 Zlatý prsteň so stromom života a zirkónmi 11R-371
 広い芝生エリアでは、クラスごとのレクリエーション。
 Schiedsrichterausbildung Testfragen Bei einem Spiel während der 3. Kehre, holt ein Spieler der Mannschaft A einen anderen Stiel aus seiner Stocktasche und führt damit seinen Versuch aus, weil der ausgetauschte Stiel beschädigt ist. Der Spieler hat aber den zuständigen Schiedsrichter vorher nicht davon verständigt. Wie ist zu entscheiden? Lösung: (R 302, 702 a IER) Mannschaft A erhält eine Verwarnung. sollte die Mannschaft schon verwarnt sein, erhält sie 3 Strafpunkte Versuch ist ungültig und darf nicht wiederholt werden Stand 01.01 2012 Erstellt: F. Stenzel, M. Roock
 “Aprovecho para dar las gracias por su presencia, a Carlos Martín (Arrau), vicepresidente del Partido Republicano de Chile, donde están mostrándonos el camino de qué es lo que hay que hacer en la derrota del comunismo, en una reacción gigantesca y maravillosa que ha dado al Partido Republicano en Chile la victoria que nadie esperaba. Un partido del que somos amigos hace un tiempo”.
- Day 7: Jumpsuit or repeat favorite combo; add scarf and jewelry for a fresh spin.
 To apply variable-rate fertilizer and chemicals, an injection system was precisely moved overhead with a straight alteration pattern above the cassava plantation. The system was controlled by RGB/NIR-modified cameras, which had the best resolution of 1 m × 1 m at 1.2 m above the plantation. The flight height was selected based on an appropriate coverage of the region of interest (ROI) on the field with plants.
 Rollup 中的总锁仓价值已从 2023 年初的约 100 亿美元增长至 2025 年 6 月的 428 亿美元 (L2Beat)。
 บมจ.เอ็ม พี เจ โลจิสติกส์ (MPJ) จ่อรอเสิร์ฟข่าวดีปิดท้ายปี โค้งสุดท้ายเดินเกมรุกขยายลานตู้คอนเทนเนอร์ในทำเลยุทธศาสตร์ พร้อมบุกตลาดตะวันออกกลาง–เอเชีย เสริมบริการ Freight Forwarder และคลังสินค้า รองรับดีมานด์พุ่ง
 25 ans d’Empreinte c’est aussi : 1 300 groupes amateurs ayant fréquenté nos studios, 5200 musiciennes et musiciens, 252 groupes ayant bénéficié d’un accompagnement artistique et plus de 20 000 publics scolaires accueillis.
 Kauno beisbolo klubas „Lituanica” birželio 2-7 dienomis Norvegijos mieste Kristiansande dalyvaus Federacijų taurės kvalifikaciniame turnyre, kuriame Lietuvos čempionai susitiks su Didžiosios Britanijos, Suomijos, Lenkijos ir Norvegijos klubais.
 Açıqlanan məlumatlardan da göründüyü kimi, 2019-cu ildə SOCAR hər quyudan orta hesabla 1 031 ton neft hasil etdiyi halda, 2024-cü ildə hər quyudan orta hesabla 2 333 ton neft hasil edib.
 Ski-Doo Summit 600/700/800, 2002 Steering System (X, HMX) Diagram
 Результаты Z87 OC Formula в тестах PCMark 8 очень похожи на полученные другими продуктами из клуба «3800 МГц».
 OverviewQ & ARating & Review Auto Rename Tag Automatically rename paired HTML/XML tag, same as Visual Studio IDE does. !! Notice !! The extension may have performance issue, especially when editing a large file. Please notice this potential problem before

※

• _What the exercise asks_
Reproduce only the lines from the top of the material through the one bearing "- Day 7: Jumpsuit", each exactly as it stands.

• _Answer section_
 Zlatý prsteň so stromom života a zirkónmi 11R-371
 広い芝生エリアでは、クラスごとのレクリエーション。
 Schiedsrichterausbildung Testfragen Bei einem Spiel während der 3. Kehre, holt ein Spieler der Mannschaft A einen anderen Stiel aus seiner Stocktasche und führt damit seinen Versuch aus, weil der ausgetauschte Stiel beschädigt ist. Der Spieler hat aber den zuständigen Schiedsrichter vorher nicht davon verständigt. Wie ist zu entscheiden? Lösung: (R 302, 702 a IER) Mannschaft A erhält eine Verwarnung. sollte die Mannschaft schon verwarnt sein, erhält sie 3 Strafpunkte Versuch ist ungültig und darf nicht wiederholt werden Stand 01.01 2012 Erstellt: F. Stenzel, M. Roock
 “Aprovecho para dar las gracias por su presencia, a Carlos Martín (Arrau), vicepresidente del Partido Republicano de Chile, donde están mostrándonos el camino de qué es lo que hay que hacer en la derrota del comunismo, en una reacción gigantesca y maravillosa que ha dado al Partido Republicano en Chile la victoria que nadie esperaba. Un partido del que somos amigos hace un tiempo”.
- Day 7: Jumpsuit or repeat favorite combo; add scarf and jewelry for a fresh spin.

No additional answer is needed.